# Show Sheep Breeds



## farmchick (Mar 12, 2011)

My family's getting some sheep that I will show in a county fair in Nebraska, as part of 4H.
We don't have many breeders that won't step down off of their high horse and sell reasonably priced lambs, so we have to get them from our salebarn.
Anyway, I was wondering what breeds of sheep do best in the show ring? We'll only have a couple options at the auction (if any). What would you suggest?


----------



## cattlecait (Mar 13, 2011)

If you're going for a market lamb, the ones that tend to show the best are Suffolks, Hampshires, or a cross of the two.

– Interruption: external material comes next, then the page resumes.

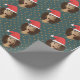 Braune Hautschönheit mit natürlichen Haaren trägt eine rote Weihnachtsmannmütze über sich. Sie ist auf einem dunklen, aquamarinen Hintergrund mit braunen Polka-Punkten. Perfektes Verpackungspapier für dieses besondere Geschenk und Person.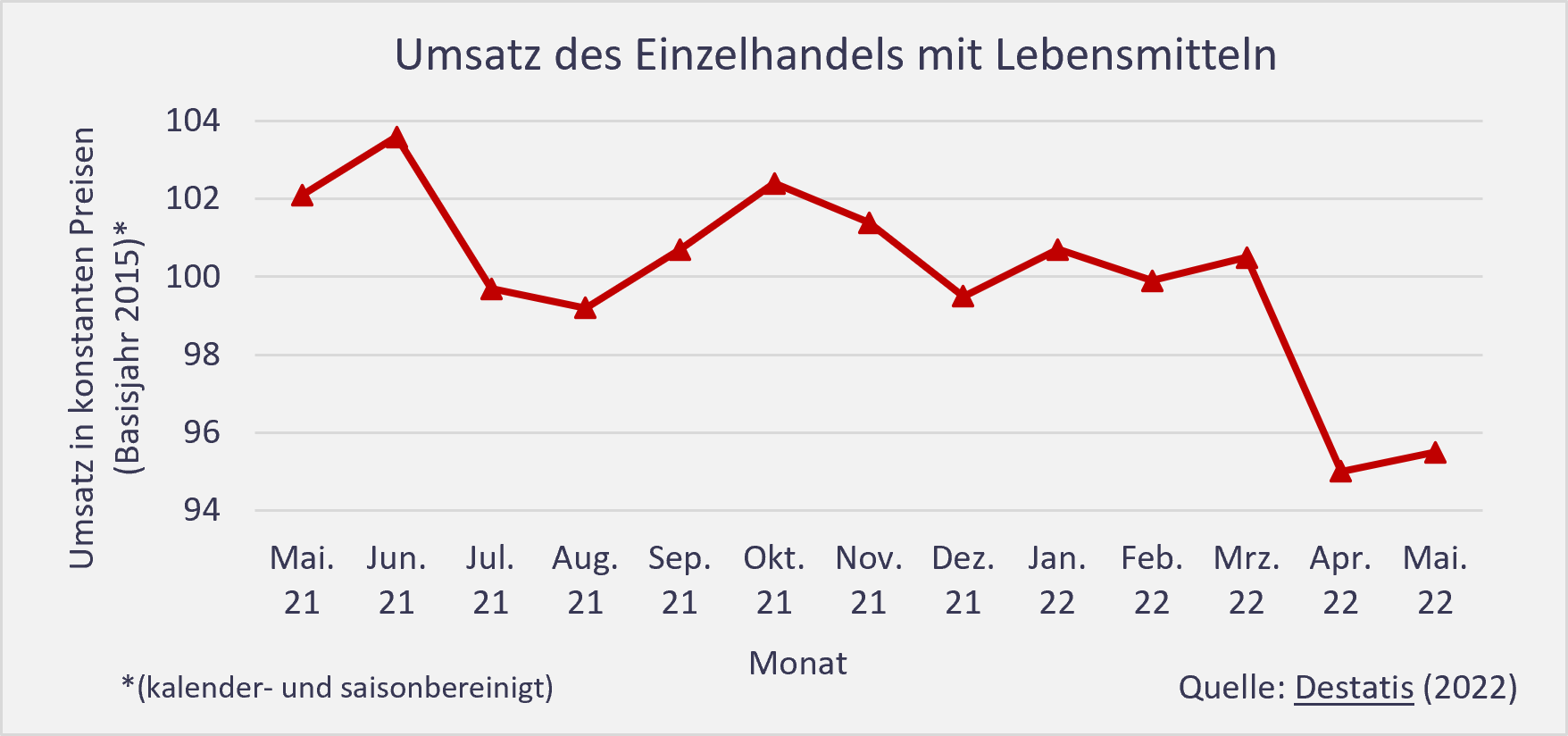 Bereits im April 2022 kam es zum bisher größten Umsatzeinbruch im Lebensmitteleinzelhandel seit Beginn der Datenerhebung 1994 (Destatis).

White faced market lambs tend to be Rambouliette (I don't think I spelled that right) or Dorsets, but a blackface will nearly always outshow a whiteface.

That being said, if you just want to show breeding stock, pick a breed and run with it. There are plenty of beautiful sheep breeds that would do nicely in the show ring as breeding stock but that can't compete with club lambs for market competitions.


----------



## goodhors (Mar 14, 2011)

Have to agree, for 4-H Market Lamb competition, the black-face, black-legged will almost always win.  Judges will usually place you in Showmanship (not first), but not in the Market classes with a white-face lamb.  Anything white-faced would have to be stupendous for first or Grand as a Market animal.  You should check for a Sheep Breeder's site in your state, find names and phone numbers for calling about market lambs.  Better bred, better "type" in body style, probably will cost you more than auction lambs.  But you know what kind of product you will be ending up with from a breeder.  Any lamb from the sale could look good at young age, then not develop well with age.  Good producers will brag of their lambs winning at various shows, Fairs, so you know the judges liked the product lamb.  Early birthday is better for early Fair dates.

You need to watch costs, very easy to put more into lamb with feed cost, than you will net back at the meat auction of fair.  Just listening to the kids in our group talk about their feeding, I KNOW they have invested more than they make back selling unless they make Grand or Reserve.

We graze our lambs with some feed daily.  Feed is made of mixing oats, cracked corn, lamb pellets.  Ours seem to "make weight" for a nice finish at Fair.  Most desirable weight is 130-140# here.  Lots of daily exercise is needed to get lambs hard bodied the way judges like ithem.  Exercise here is from daily walking, working up to about a mile and a half daily in the big field.  You can poke them, no give at all in the haunches, body, all muscle with fat well distributed thru meat.  That is what wins in the meat ring.

Breeding sheep are judged on correctness of build, quality of fleece if a wool sheep, but not often fitness.  They don't want to see fat, but they are not hard bodied from exercise.  You buy good registered stock, they will do well in the ring.  Again, do a internet search for your choice of breed in your state, for names and numbers to call for shopping to buy.


----------